Residents Concerned About Gun Range In Backyards
By Ben Hall
NASHVILLE, Tenn. - When police train with guns, it's usually at a gun range.
In fact, the Rutherford County Sheriff's Department partnered with the Murfreesboro Police Department to open a $700,000 gun range two years ago.
The gun range is right beside the sheriff's department.
"This facility is very safe," Lisa Marchesoni, Sheriff's Department spokesperson said. "We have taken pains to make it safe."
Catherine Wainscott doesn't live anywhere near the sheriff's department gun range.
She often gardens in her backyard in a Christiana subdivision.
"I love the peace and tranquility of being outside," Wainscott said.
But she says that peace has been shattered by what has been happening on the farm behind her.
"I've witnessed paramilitary training out here," she said as she pointed over the wire fence behind her home.
In May, she took pictures showing a Murfreesboro Police car on the farm owned by a Rutherford County Sheriff's Deputy.
"Three officers got out of the car and pulled out their assault rifles and started target practicing," she remembers.
It was just a few feet from an entire neighborhood.
"It's right there, and guess what, look down there at the swing sets here," she said.
The sheriff's department confirms members of its SWAT Team - known as the FAST Team - used Sgt.
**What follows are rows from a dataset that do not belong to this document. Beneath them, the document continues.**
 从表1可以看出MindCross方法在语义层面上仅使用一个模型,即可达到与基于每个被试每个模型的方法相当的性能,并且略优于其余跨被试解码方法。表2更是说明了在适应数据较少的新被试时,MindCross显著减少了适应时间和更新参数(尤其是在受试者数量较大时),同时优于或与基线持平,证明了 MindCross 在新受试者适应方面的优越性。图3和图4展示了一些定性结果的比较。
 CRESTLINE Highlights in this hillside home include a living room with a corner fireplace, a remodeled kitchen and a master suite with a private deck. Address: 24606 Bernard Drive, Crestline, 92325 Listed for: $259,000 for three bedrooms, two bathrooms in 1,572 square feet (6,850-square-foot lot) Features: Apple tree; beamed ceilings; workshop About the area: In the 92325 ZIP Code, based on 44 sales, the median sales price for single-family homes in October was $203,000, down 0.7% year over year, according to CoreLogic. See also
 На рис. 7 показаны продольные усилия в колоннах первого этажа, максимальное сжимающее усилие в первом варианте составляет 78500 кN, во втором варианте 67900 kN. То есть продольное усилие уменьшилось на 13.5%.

Lee Young's farm for official training in January, February and March of this year.
The Murfreesboro Police Department trained there in May.
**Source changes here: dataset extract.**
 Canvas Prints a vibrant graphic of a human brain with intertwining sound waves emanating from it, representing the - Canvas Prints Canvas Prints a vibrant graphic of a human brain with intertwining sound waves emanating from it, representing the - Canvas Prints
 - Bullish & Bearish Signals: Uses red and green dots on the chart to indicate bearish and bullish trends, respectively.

Officers fired tactical sniper rifles including a Remington model 700, .308 caliber.
The sheriff's department admits it once owned a 50 caliber rifle that could shoot a mile away or more, but says it got rid of the weapon.
"This is not a range. This is a community, and we don't need high powered rifles being tested or trained in a community," Allan Wainscott said, as he sat beside his wife.
He was in the Air Force and is comfortable around guns.
"It was over the top," he said as he discussed the training he saw.
The sheriff's department responded that it tries to be good neighbors.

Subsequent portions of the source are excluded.